Bryant Op Ed on Community Reinvestment Program

Recently, House Aging Committee Chairwoman Anna Moeller (D-Elgin) penned an op-ed criticizing the Illinois Department on Aging for its decision to implement the Community Reinvestment Program in place of the existing Community Care Program. As the Minority Spokesperson for the Committee on Aging, I felt that Rep. Moeller’s criticisms were unfair and deserved a response.

While it’s true that our state’s budget situation in recent years has contributed to funding challenges for the Community Care Program, providers have also been faced with rapidly increasing numbers of older adults and limited resources with which to serve them. Many throughout the provider network understand that the State cannot sit by and do nothing to address the growing senior population and the corresponding increase in demand for services.

In response to shifting demographics, the Illinois Department on Aging has come up with a way to address the projected growth in our aging community that will allow the State of Illinois to continue to serve this population, regardless of their Medicaid eligibility status.

CRP would put Illinois in line with national trends and maintain a service package for people not eligible for Medicaid.  Currently, Illinois spends 3.7 times the national average on home and community based services for non-Medicaid eligible individuals.  CRP maintains funding at two times the national average.

Implementing the Community Reinvestment Program will provide a savings to the state of $120 million; the $120 million in savings realized through CRP comes from the flexibility of services that the Department of Aging is able to provide. These savings enable funding to be stretched to cover clients with greater needs or even new clients.

The Department on Aging has shown a commitment to fulfilling its mission to support seniors to live independently in their own homes and communities. As with CCP, seniors transitioning to CRP will be provided with a broad array of community services and support as their plan-of-care is determined.
It is vitally important to understand that clients remain the final decision makers regarding their care plans and are not unwillingly bound to a plan of care.

All seniors in CRP will continue to receive services based on their level of unmet needs.
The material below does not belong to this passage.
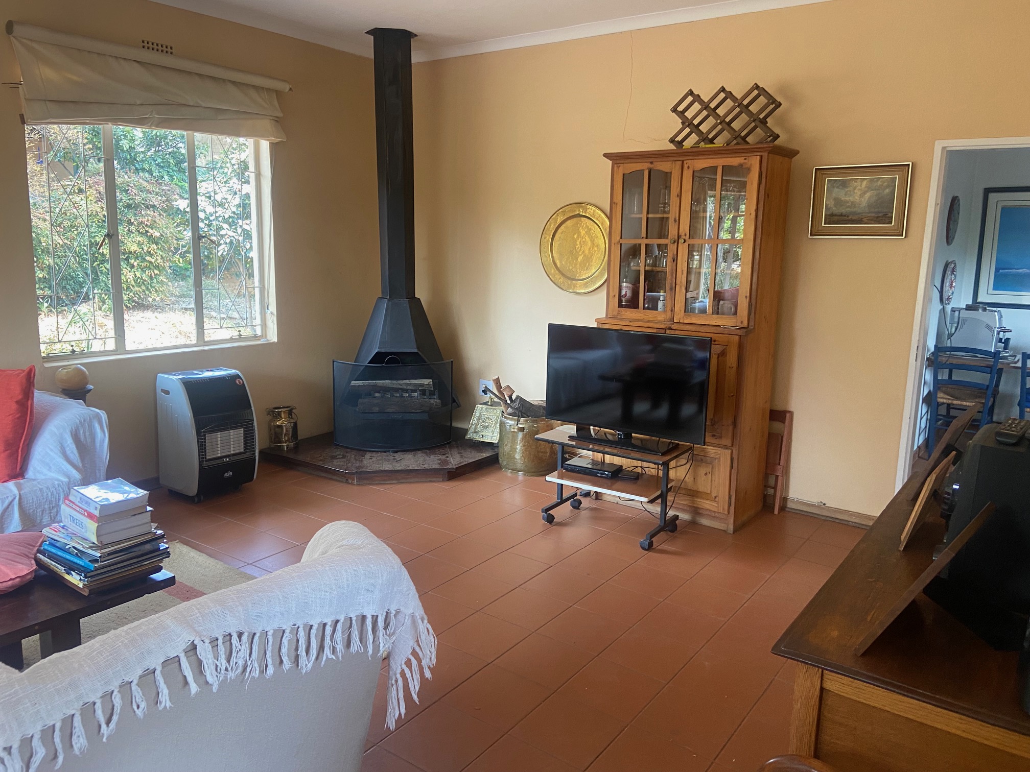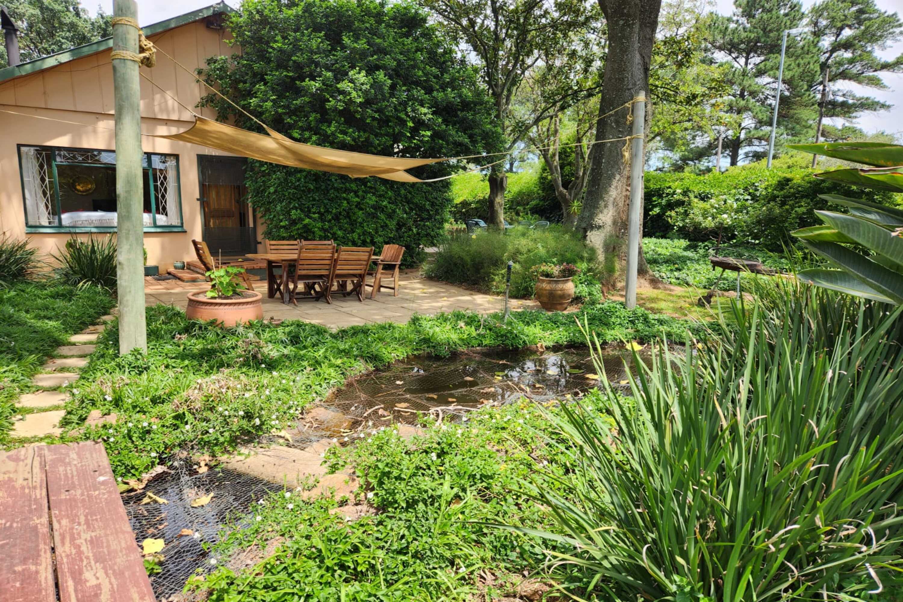 Outdoor features include a swimming pool, lapa, storeroom, staff quarters, and mature trees (pecan nut, fig, and avocado), creating a serene, established setting.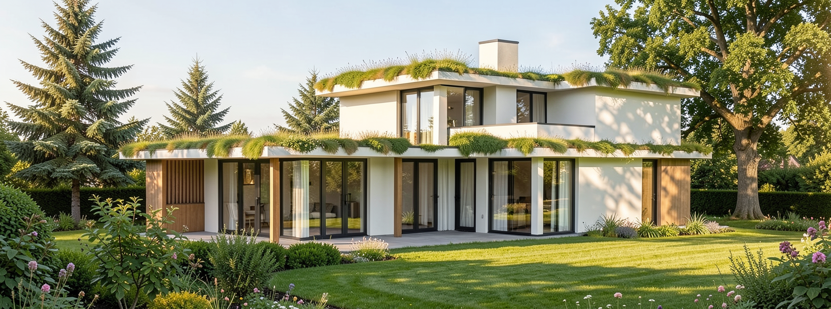 lot of light and reflects in the windows in the middle of the netherlands the lower roof is a sedum roof but don t let it hang over the roof end the garden has a few scots pines rowans and a pedunculate oak and a big lawn on the left side lots of sun stick to the original design and the original materials but make it real

The Community Reinvestment Program is designed to be a highly individualized and person-centered program. Everyone’s needs are different and every senior in the program will receive the services they require to stay in their homes longer. If seniors that have higher incomes would like to purchase additional services, they will be provided the opportunity to do that through the same provider network and at the same cost the state pays.

California’s answer to a massive budget deficit was to serve Medicaid only; Illinois has decided to continue serving Medicaid clients, but we must do so in a way that is responsible and will allow us to maintain services and increase our ability to serve new clients.

The Department on Aging has continually engaged with the provider network throughout this process and solicited input to minimize the impact of such a significant undertaking. Homemakers remain an integral part of the services provided to clients of the Department on Aging and are among the core services offered under CCP and CRP.

However, there are some services that homemakers simply cannot provide such as home modifications (e.g., grab bars), assistive technology (e.g., walking canes, tub transfer benches) and medication management – all services offered through the Community Reinvestment Program.

The Community Reinvestment Program uses the same, established Aging network and the same care coordinators that are currently in place to work with seniors and providers to develop their plan of care. CRP was designed with the flexibility to address the specific needs of Illinoisans using the existing provider network structure.

After administering a successful demonstration program which established a framework for providing a larger menu of services with minimal bureaucracy, the Department was able to blend the successful models used by other states and the documented successes of the Flexible Senior Services Demonstration program and the Nursing Home Deflection Pilot program to create the Community Reinvestment Program.

Providing our seniors more flexible options for the services they need is not only beneficial to them, but it’s also essential for the sustainability of all of Illinois’ social services programs. Finding new, innovative and cost-efficient ways to serve clients and increase the menu of options they can choose from to address their unmet needs is long overdue and is a necessary step to provide the best possible service to Senior citizens who need help.